We were all somehow tired this week. Fujiwara-sensei, recovering from the awkward class outing the week before, was particularly downbeat. "Moshikashitara," she droned, as we tried our best not to give in to the pathetic fallacy beating at the windows. Someone - was it Coyve? - had pointed out early on our teacher's penchant for emotional oscillation. I was appreciative of the clairvoyance, but his gift was little more than cold comfort at this juncture: whether we liked it or not, it appeared that we were going to have three excrutiating hours ahead of us.

Abruptly, however, the rain outside pattered to a halt. Andrew, the precocious boy behind me, awoke with a start. A few other students coughed unconsciously to break the newfound monotony. Fujiwara-sensei, her back to us only a few moments before, turned from the whiteboard. "Ara," she said, looking out at the Orchard Road skyline. There was a smile playing at the corners of her lips. "Minna, sora o mite!"

Everybody, look at the sky. So we all looked, each searching for the thing that would perish his or her own late afternoon stupor, his or her own disappointment with life. But nothing came forward to volunteer: no helicopters, aeroplanes or transient rainbows. No banners or fervent human activity, however conceived. There were only clouds, and sky.

I looked back at Fujiwara-sensei, who by now had abandoned her lugubrious teacher-mode. For the first time today, she was smiling - she had smiled at us all as we filed into the classroom, but this was a real smile. Her eyes, normally dwarfed by profuse applications of lady's crayon, were radiant and alive. I felt my body unclench as I watched her unbridled unfurling. And then I turned to the window and saw, immediately, what it was she wanted us to see. What she wanted herself to see.

The sky, tinged a slight sunset orange, was somehow still the bluest and clearest it had been in recent years. It was a blue that spoke to the depth of the profoundest oceans; a blue that told of tales between eagles, ages and satellites. The clouds, from ponderous forms, had resumed their fluffy consistencies and appeared almost to have been painted on by Vettriano himself. In that instant, the bare briefest of moments, I heard in my mind's eye the music that would accompany me to my grave, the final lullaby that my children's children would never come to hear, know or love. And in that moment I was content.

I turned away from the window and, for some reason, wound up meeting Fujiwara-sensei's gaze. She had her own appreciation of the sky, her own understanding, I was sure. But in that merest of moments, I saw her; her soul, her history, her unmitigated, yet unqualified truth. A young, ambitious lady of 24, momentarily resigned to the fact that however far she tried to escape the land of the rising sun, that same sun would set just as beautifully in any country, over any sea, in the company of any people.

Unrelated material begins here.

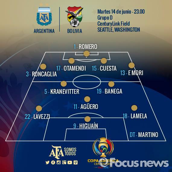 아르헨티나는는 15일 오전 11시(한국시간)미국 시애틀 센추리링크 필드에서 볼리비아와의 코파 아메리카 센테나리오 2016 D조 3차전을 치른다.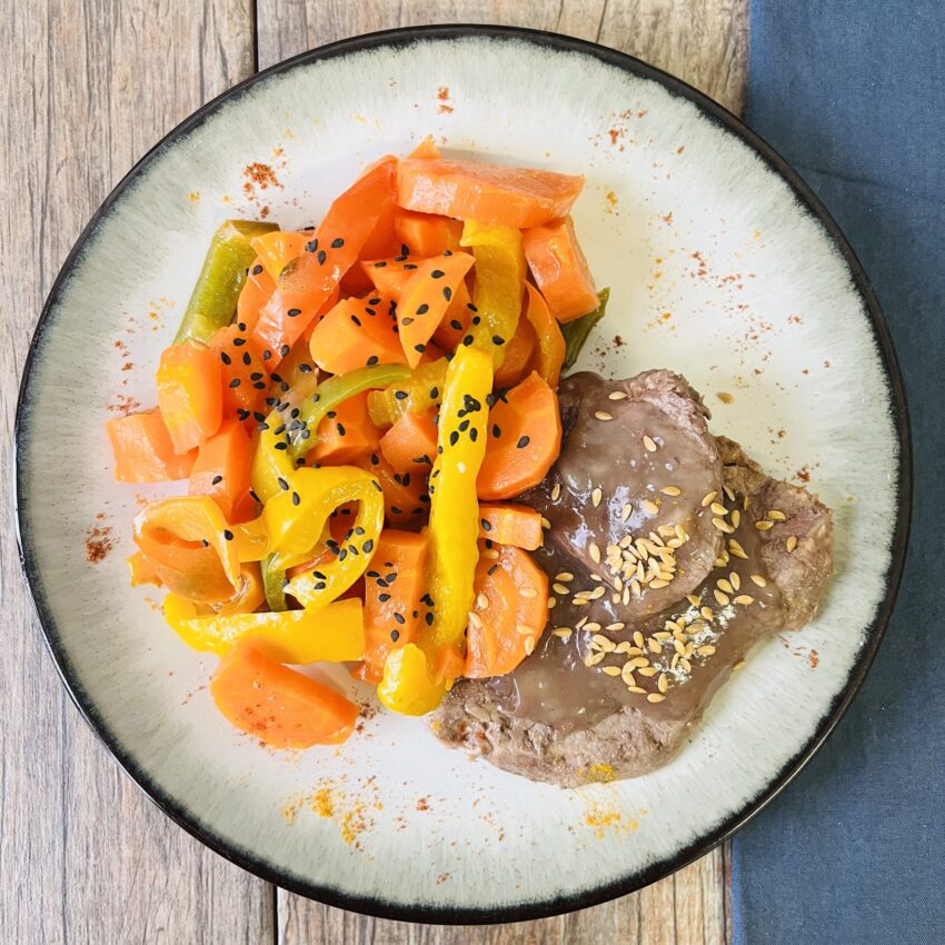Todos / Nuestros platos / Carnes / Lomo en salsa de vino con catara y morrones tres colores

In that scintilla temporis I was certain she saw herself too: the futility of her running, the pointlessness of her desires, the shamefulness of her perpetual struggle against equanimity.

And just as suddenly as it had come on, the spell came to a precipitate end; and as one we all turned away from transparent joy to opaque agenda.

"Moshikashitara," Fujiwara-sensei repeated, her short, grateful surrender already long forgotten. Feigned enthusiasm was once more the order of the day, and she evinced no self-pity in serving. "I probably cannot ... do something. I probably cannot."

I looked down at my notes, but all I could feel was a slight tingling at the ends of my fingers. There had been something there, for that slightest of moments, something ... It had tiptoed to the edges of life's meaning, I remembered, a microcosm of anything and everything that ever mattered; and yet it had been distant, remote and cold, a universe away from everything that I wanted in life.

"Dou iu imi desu ka?" Something else ... something.

Another Sunday, another lesson.

I'm not sure how much I learn anymore.